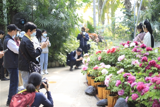 牡丹的自然花期本來是春天的4~5月,為了讓廣州市民特別是未能回家過年的父老鄉親們在春節期間觀賞到“花王”的風姿,華南植物園與洛陽縱橫園藝有限公司合作,提前2個多月,精挑細選了8000余株洛陽牡丹,不遠千里南下來到華南植物園,經過低溫休眠、溫室養護,同時利用先進的栽培技術,根據累計積溫進行花期調控,此刻的牡丹已露出富貴端莊、風姿卓絕的姿態,做好了春節與市民“會面”的準備。
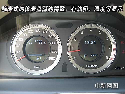 腕表式的儀表盤簡約精致,沒有炫麗的燈光效果,看上去并不起眼。剩余油量和可行駛里程以數(shù)字方式顯示在車速表中央,當(dāng)前時(shí)間、外界氣溫及檔位顯示在轉(zhuǎn)速表中央。所有儀表信息都采用中文顯示。
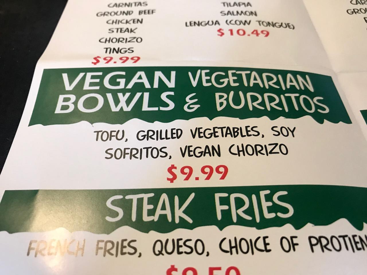 Something I didn’t know is the Mexican rice is made with chicken broth; that’s why they had a vegan rice. Two out of the three beans were vegan and they knew what vegan meant; they didn’t have to go back in the kitchen to check with the boss.
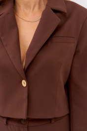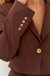 Укороченный жакет, выпонен в ткани из поливискозы - стильный, эффектный и оригинальный . Благодаря безупречному крою и посадке делает силуэт изящным и женственным. В сочетании с брюками создается идеальный завершенный образ. Длина изделия 42 см
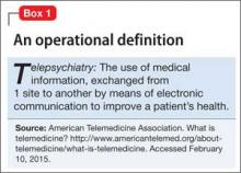 Too few psychiatrists. A growing number of patients. A new federal law, technological advances, and a generational shift in the way people communicate. Add them together and you have the perfect environment for telepsychiatry—the remote practice of psychiatry by means of telemedicine—to take root (Box 1). Although telepsychiatry has, in various forms, been around since the 1950s,1 only recently has it expanded into almost all areas of psychiatric practice.
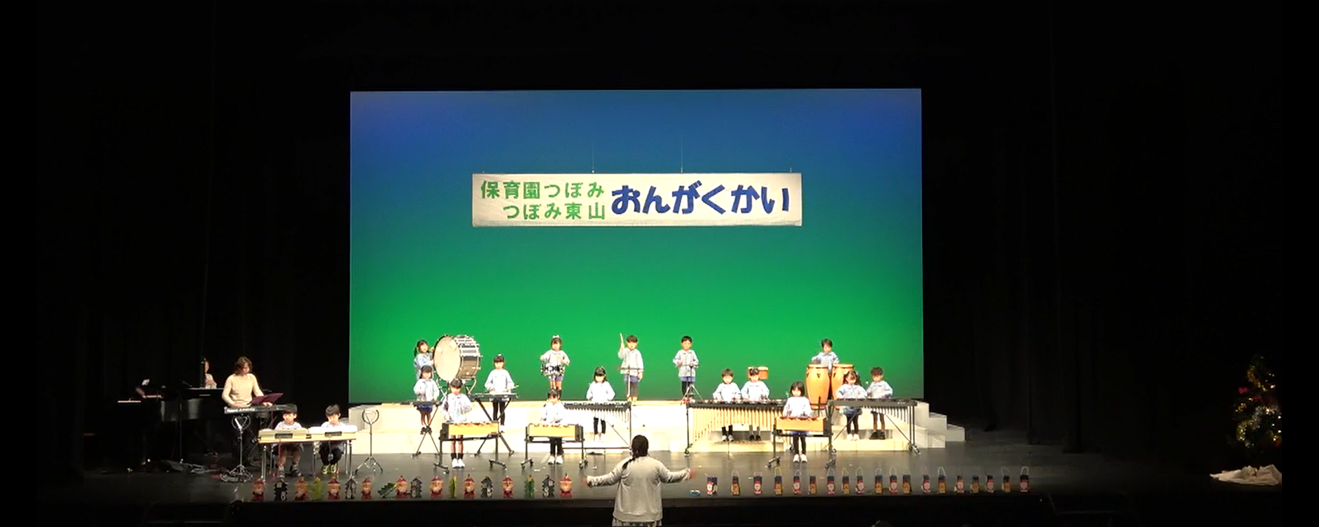 3歳児はリズム打合奏、4・5歳児は様々な楽器を使って器楽合奏を演奏します。
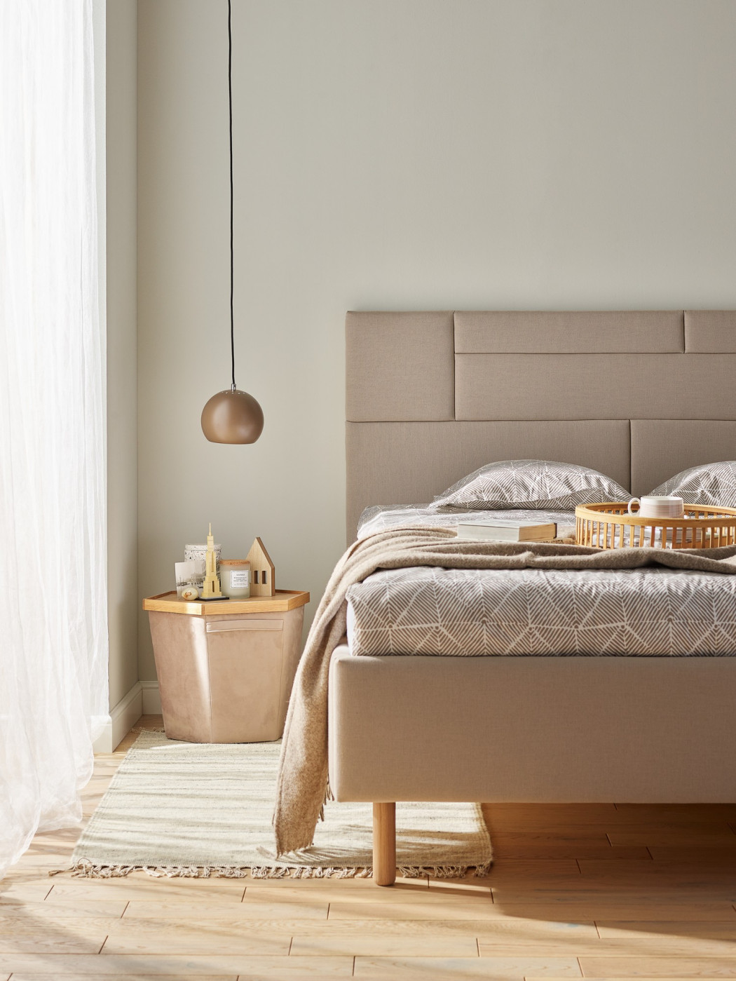Łóżko tapicerowane Harmonic tworzy komfortowe warunki do snu i wieczornego wypoczynku dla 2 osób. Mebel posiada uchylny stelaż i duży pojemnik na pościel. Zagłówek z ozdobnym pikowaniem stanowi miękkie oparcie dla pleców. Produkt jest tworzony na zlecenie klienta - zamawiający sam wybiera tkaninę obiciową i wariant nóżek.
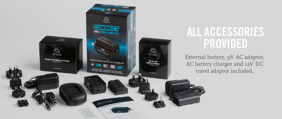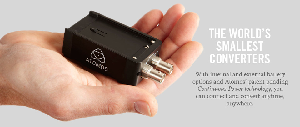 Atomos dual-battery Connect converters are the ultimate conversion and test tools for anyone who needs to convert content between HDMI and HD-SDI on location.
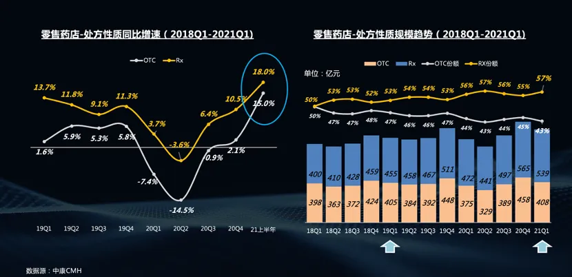 中康CMH数据显示,2021年上半年处方药和OTC均实现快速增长,增速分别为18%、15%。在处方外流持续加速的背景下,零售处方药占比持续提升,2021年上半年达到57%。
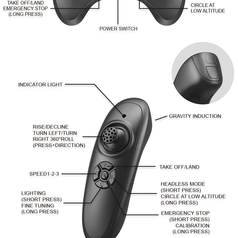 The remote controller allows users to control basic flight movements such as direction and speed. These functions enable pilots to perform fundamental flying actions including:
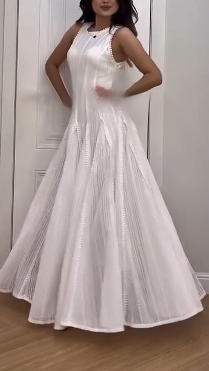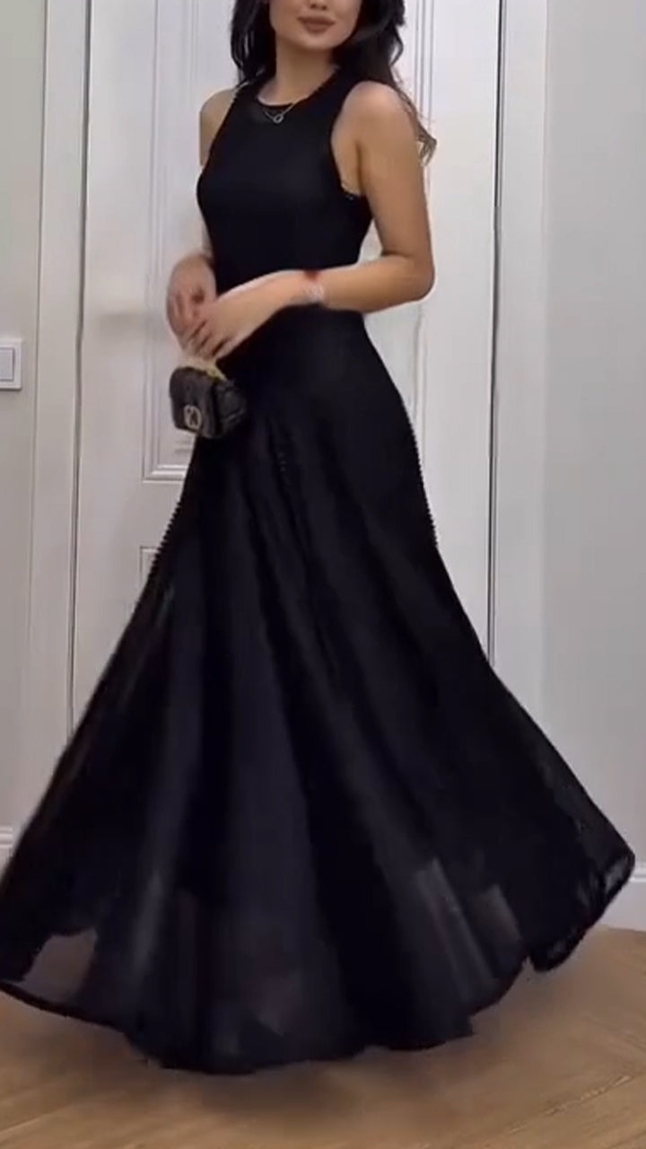Women Round Neck Sleeveless Solid Color Elegant Casual Dress
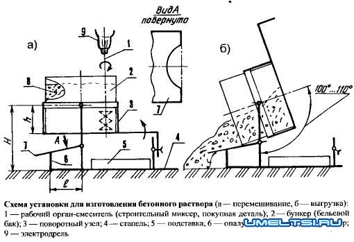 Хочу предложить свой, более простой вариант. Когда мне понадобилось большое количество строительного бетона, я, проанализировав все изложенное, стал искать оптимальный вариант его приготовления, отвечающий следующим условиям: максимально возможное облегчение работ (по сравнению с «лопатным» способом) путем механизации, простота конструкции и малые материальные затраты при изготовлении.
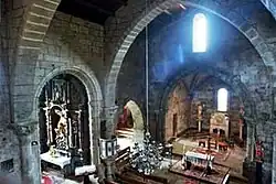 La iglesia se halla decorada en su interior con inscripciones de origen medieval, escudos y varias tumbas que aún no han sido investigadas como se merecen.
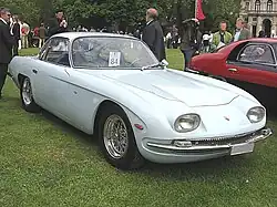 - Im Auftrag Lamborghinis überarbeitete die Carrozzeria Touring in Mailand Scagliones Karosserieentwurf im Laufe des Jahres 1964. Verantwortlicher war Giorgio Prevedi. Er behielt Scagliones Linien weitgehend bei, änderte aber zahlreiche Details im Hinblick auf eine rationelle Serienproduktion.[31] So entfielen die Klappscheinwerfer zugunsten stehender Ovalleuchten, die je nach Quelle entweder von Hella bezogen und zur gleichen Zeit auch am NSU Prinz 1000 und am Ford Taunus P3 („Badewanne“) verwendet wurden[22] oder die Cibié für den Citroën Ami 6 produzierte.[31] Die hintere Dachlinie wurde ebenfalls geändert; ihre Rundung wurde so verkürzt, dass ein nutzbarer Kofferraumdeckel installiert werden konnte. Beobachter waren der Ansicht, dass Scagliones Entwurf dadurch nicht verbessert wurde.[16]
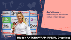 У фінальній зустрічі (вагова категорія до 48 кілограмів) на світовій першості Дар'я Білодід перемогла чинну на той час чемпіонку Фуну Тонакі з Японії іппоном, тобто поклавши на лопатки. Тож українка у віці 17 років 11 місяців стала наймолодшою чемпіонкою світу в історії дзюдо. Попередній рекорд належав японці Рійоко Тамурі – 18 років 1 місяць.
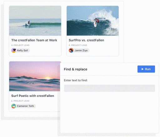 This works similarly to the find and replace function you might already use in your favorite word processing app. It locates, and then swaps out all text matches for a text field of your choice. It works well for modifying large sets of text information at once, like rebrands, product renaming, messaging refreshes, and the like.
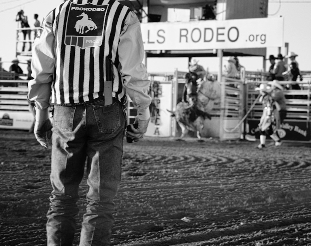Welcome, Nancy. Glad to have you aboard. My goodness, you are brave! Were you in the ring with the action? Black and white is the right choice for this image. Bright colors in the background would have distracted from the subject. I would suggest cropping from the left just to eliminate that sign on the fence. That puts the judge in a nice rule-of-thirds position. I also lightened the midtones a smidge - but that's personal preference. |
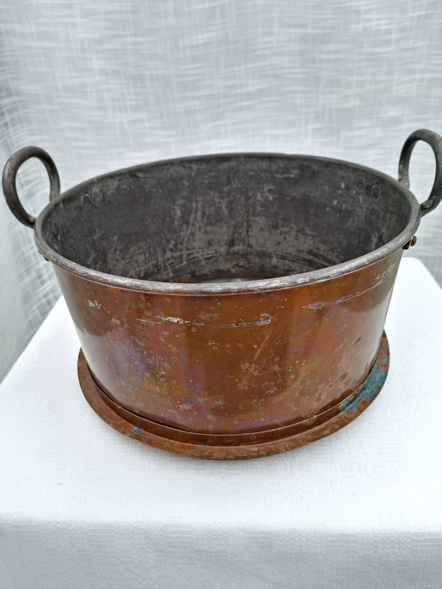Kopparbunke 30 x 17 cm äldre bytta i koppar med smideshandtag
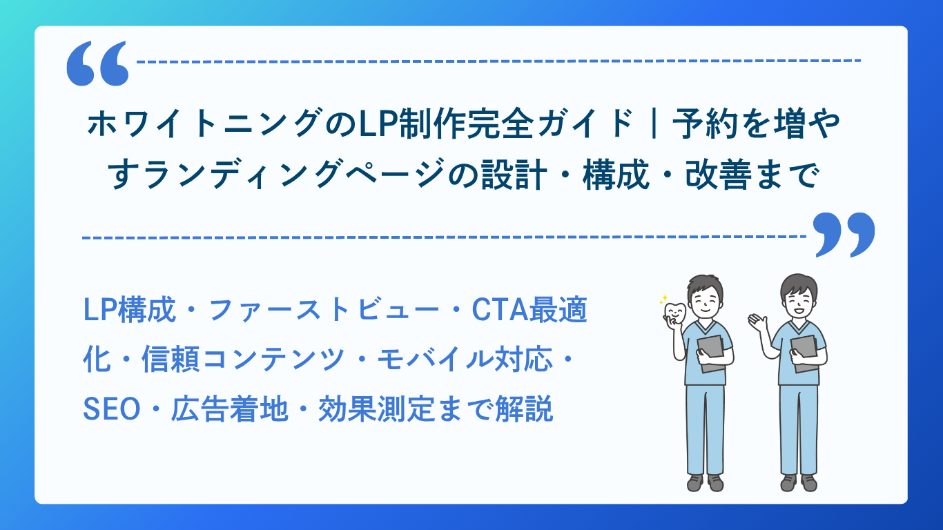 「ホームページを持っているのに、ホワイトニングの予約が全然入らない」「サイトを見てもらっているのに問い合わせに繋がらない」「競合医院のホームページと何が違うのか知りたい」——こうした悩みは、多くの歯科医院に共通する課題です。ホームページは「存在するだけで集患できる」ものではなく、患者の来院を決める意思決定プロセスに寄り添った「設計」が必要です。本記事では、ホワイトニングに特化したホームページの全体構成・LP設計・信頼性コンテンツ・SEO最適化・UX改善・予約導線まで、患者が来院を決めるホームページに必要な要素をすべて解説します。
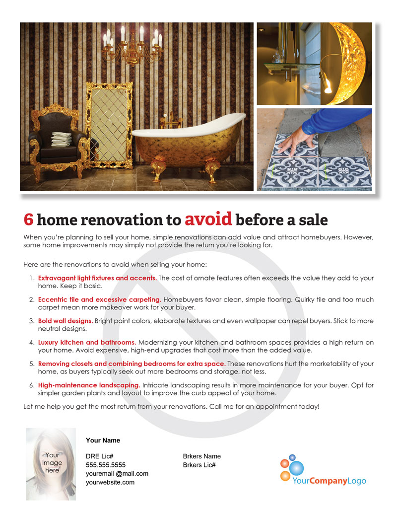 Let me help you get the most return from your renovations. Call me for an appointment today!
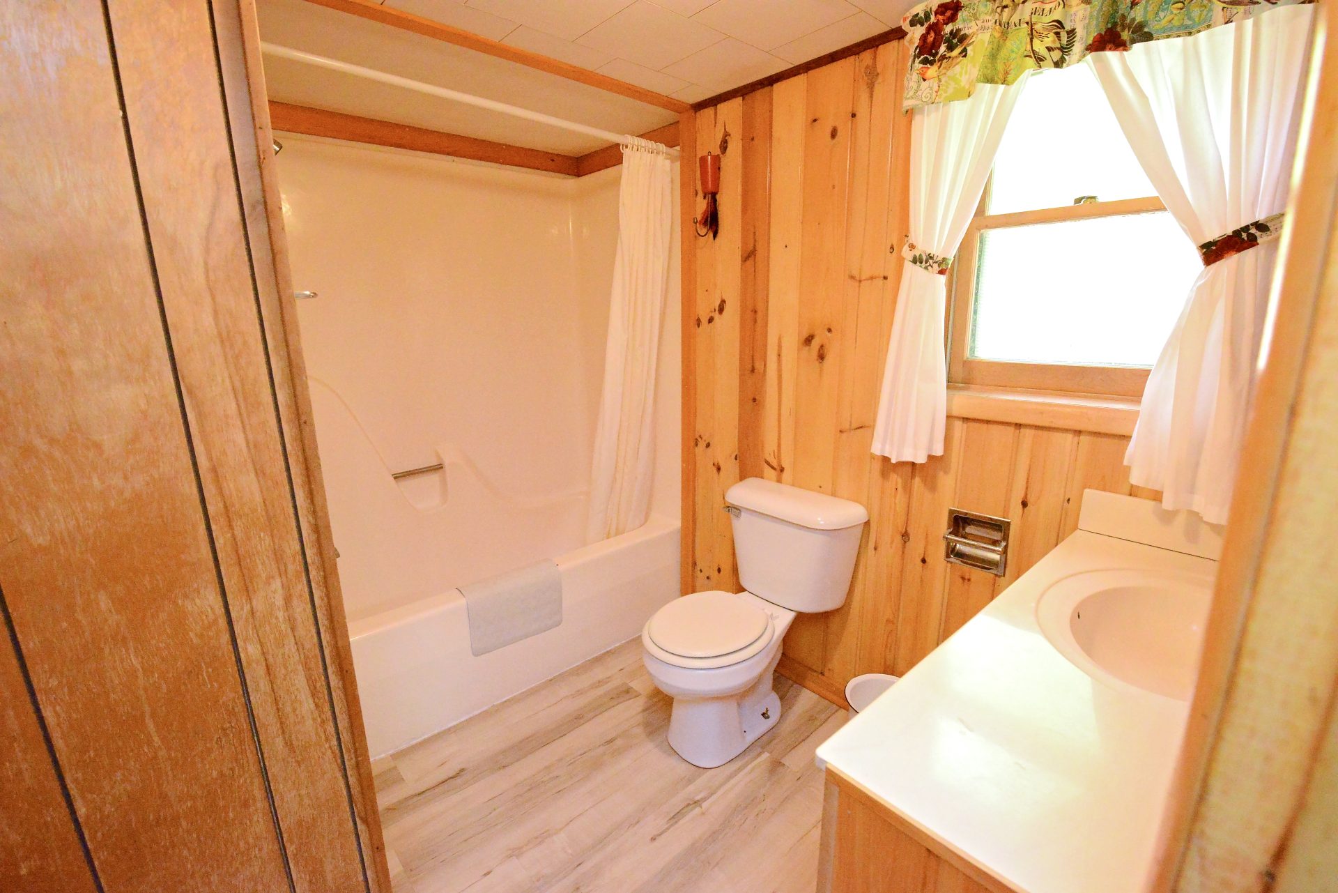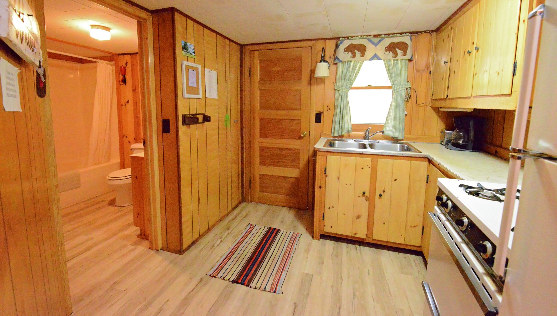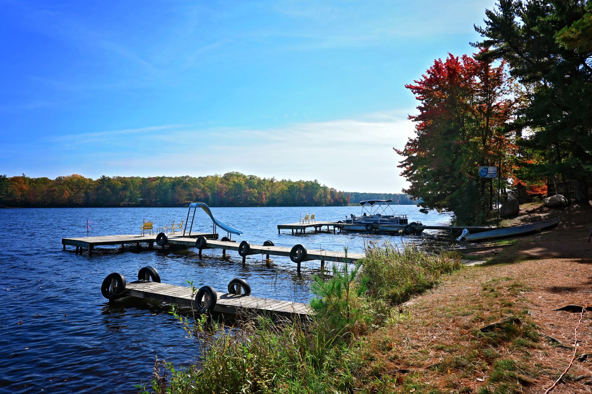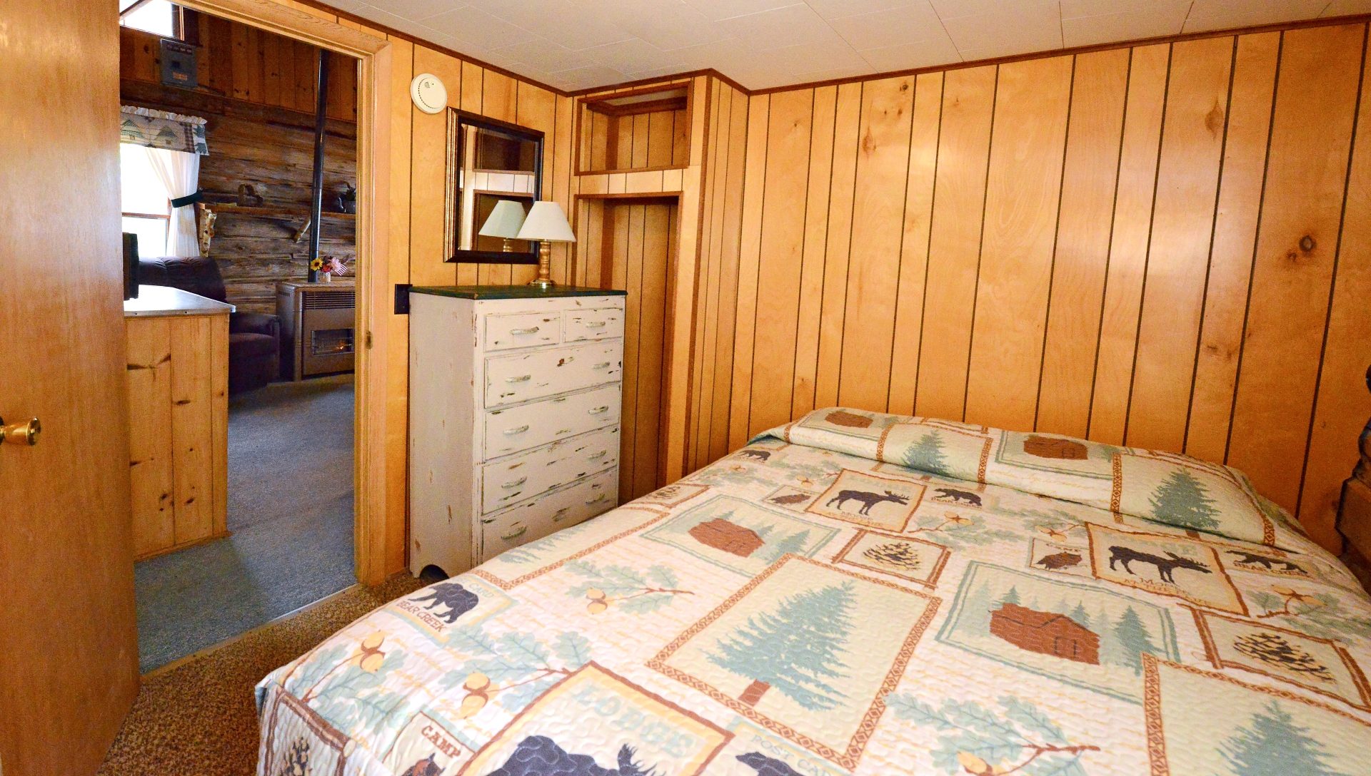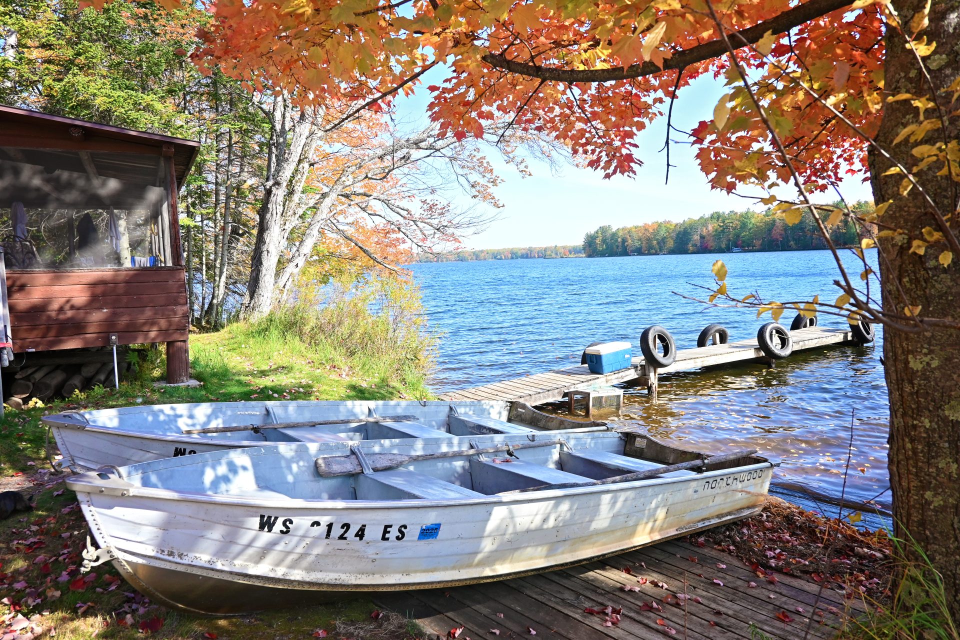 From this exceptional lake view, watch muskies jump, listen to loons call or just savor the evening breeze on your private and spacious screened-in porch with a flat, no stair entry. Just 6’ to waters edge, enjoy your private dock night or day, perfect for the elderly. You’re close enough to interact in the lodge but private enough to unwind and enjoy the quietude of a large yard in this prime location. Cathedral ceiling and this up north décor add a heartwarming and inviting mood to this very popular roomy log cabin.

==================================================

Problem
Reproduce, without alteration and without pictures, only those lines that lie between the first line of the entries above and the line containing "Укороченный жакет, выпонен", both of them included.

Task answer
 牡丹的自然花期本來是春天的4~5月,為了讓廣州市民特別是未能回家過年的父老鄉親們在春節期間觀賞到“花王”的風姿,華南植物園與洛陽縱橫園藝有限公司合作,提前2個多月,精挑細選了8000余株洛陽牡丹,不遠千里南下來到華南植物園,經過低溫休眠、溫室養護,同時利用先進的栽培技術,根據累計積溫進行花期調控,此刻的牡丹已露出富貴端莊、風姿卓絕的姿態,做好了春節與市民“會面”的準備。
 腕表式的儀表盤簡約精致,沒有炫麗的燈光效果,看上去并不起眼。剩余油量和可行駛里程以數(shù)字方式顯示在車速表中央,當(dāng)前時(shí)間、外界氣溫及檔位顯示在轉(zhuǎn)速表中央。所有儀表信息都采用中文顯示。
 Something I didn’t know is the Mexican rice is made with chicken broth; that’s why they had a vegan rice. Two out of the three beans were vegan and they knew what vegan meant; they didn’t have to go back in the kitchen to check with the boss.
 Укороченный жакет, выпонен в ткани из поливискозы - стильный, эффектный и оригинальный . Благодаря безупречному крою и посадке делает силуэт изящным и женственным. В сочетании с брюками создается идеальный завершенный образ. Длина изделия 42 см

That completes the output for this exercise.